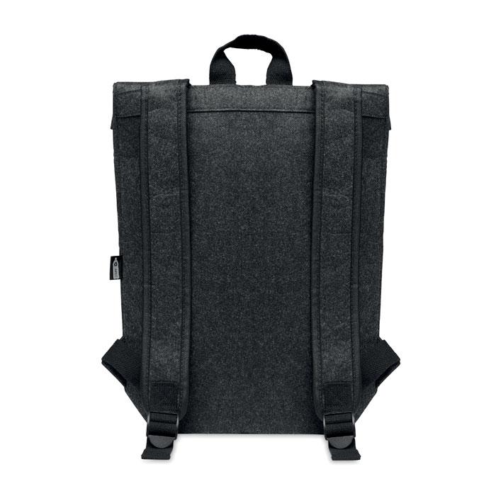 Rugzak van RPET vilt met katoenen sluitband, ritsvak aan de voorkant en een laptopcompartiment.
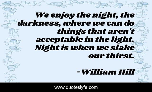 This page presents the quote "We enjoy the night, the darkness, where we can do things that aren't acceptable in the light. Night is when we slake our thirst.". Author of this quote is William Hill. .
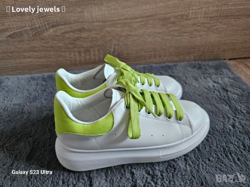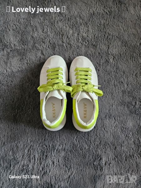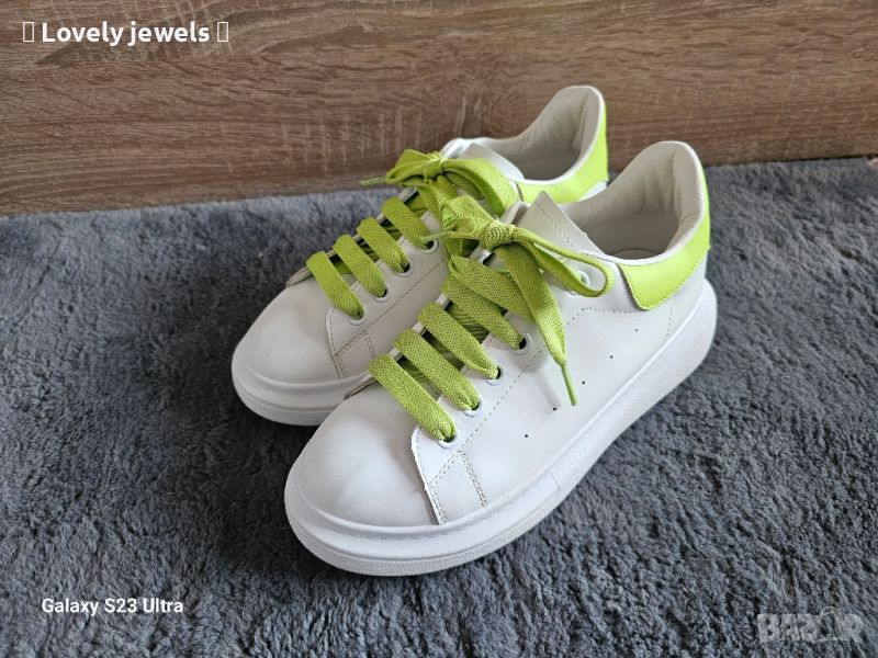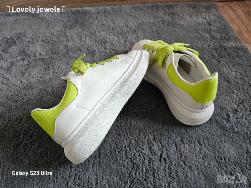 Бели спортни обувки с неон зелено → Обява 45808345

---

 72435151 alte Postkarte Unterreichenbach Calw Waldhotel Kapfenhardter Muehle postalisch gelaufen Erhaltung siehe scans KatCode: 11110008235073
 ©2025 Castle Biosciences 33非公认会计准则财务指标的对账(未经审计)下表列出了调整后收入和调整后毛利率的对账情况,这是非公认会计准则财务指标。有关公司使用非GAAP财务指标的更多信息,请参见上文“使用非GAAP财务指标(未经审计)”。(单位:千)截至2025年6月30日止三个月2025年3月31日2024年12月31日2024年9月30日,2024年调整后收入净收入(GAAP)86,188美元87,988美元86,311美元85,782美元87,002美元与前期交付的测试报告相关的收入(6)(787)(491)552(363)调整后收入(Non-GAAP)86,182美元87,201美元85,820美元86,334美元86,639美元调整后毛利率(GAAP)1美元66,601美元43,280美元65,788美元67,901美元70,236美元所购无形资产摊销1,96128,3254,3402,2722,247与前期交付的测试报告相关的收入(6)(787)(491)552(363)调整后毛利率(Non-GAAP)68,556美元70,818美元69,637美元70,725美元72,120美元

---

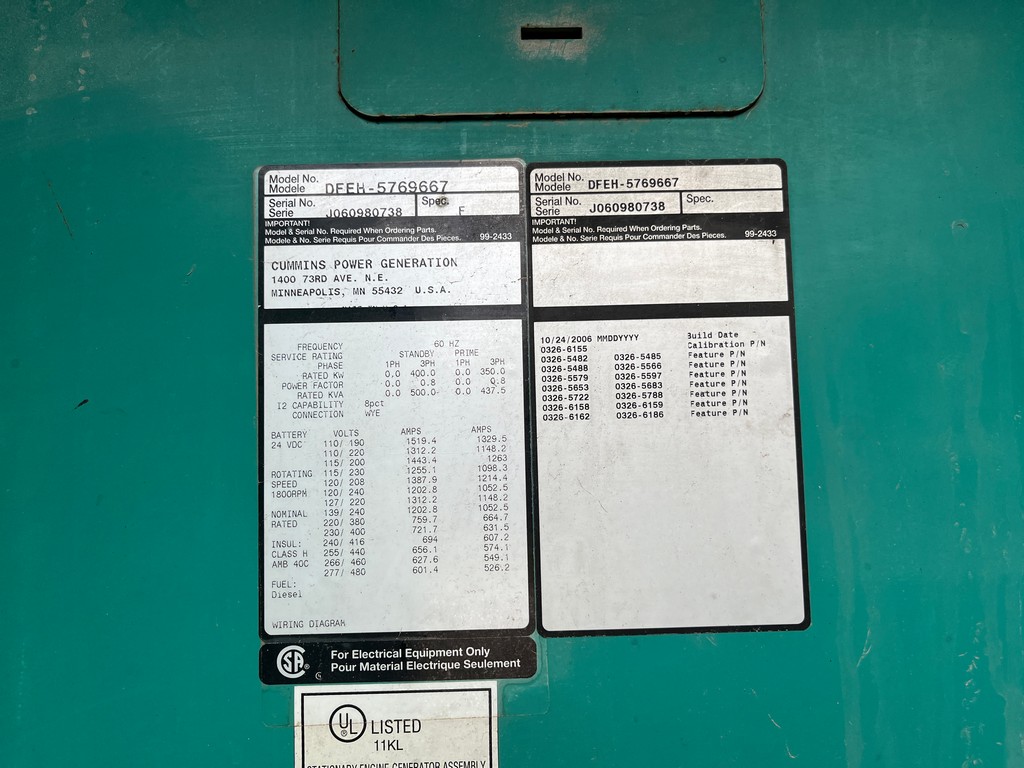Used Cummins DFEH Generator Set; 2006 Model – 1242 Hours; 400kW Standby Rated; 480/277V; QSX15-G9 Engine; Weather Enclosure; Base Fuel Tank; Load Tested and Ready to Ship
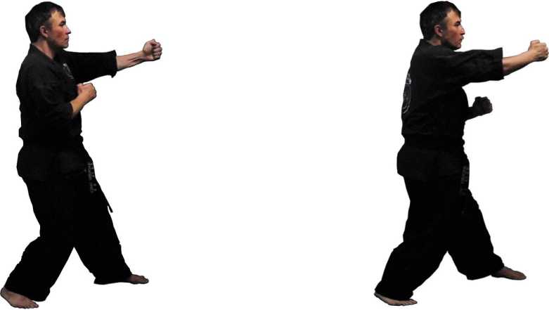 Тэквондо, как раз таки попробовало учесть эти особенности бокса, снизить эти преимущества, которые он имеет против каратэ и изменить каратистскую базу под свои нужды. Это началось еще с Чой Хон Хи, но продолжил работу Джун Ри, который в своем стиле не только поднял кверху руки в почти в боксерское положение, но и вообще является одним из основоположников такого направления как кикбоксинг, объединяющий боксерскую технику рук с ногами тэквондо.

**Your objective:**
Copy exactly the lines of the entries above from the one containing "Rugzak van RPET" through the one containing "Бели спортни обувки". Both end lines count; pictures do not.

**Answer to this problem:**
 Rugzak van RPET vilt met katoenen sluitband, ritsvak aan de voorkant en een laptopcompartiment.
 This page presents the quote "We enjoy the night, the darkness, where we can do things that aren't acceptable in the light. Night is when we slake our thirst.". Author of this quote is William Hill. .
 Бели спортни обувки с неон зелено → Обява 45808345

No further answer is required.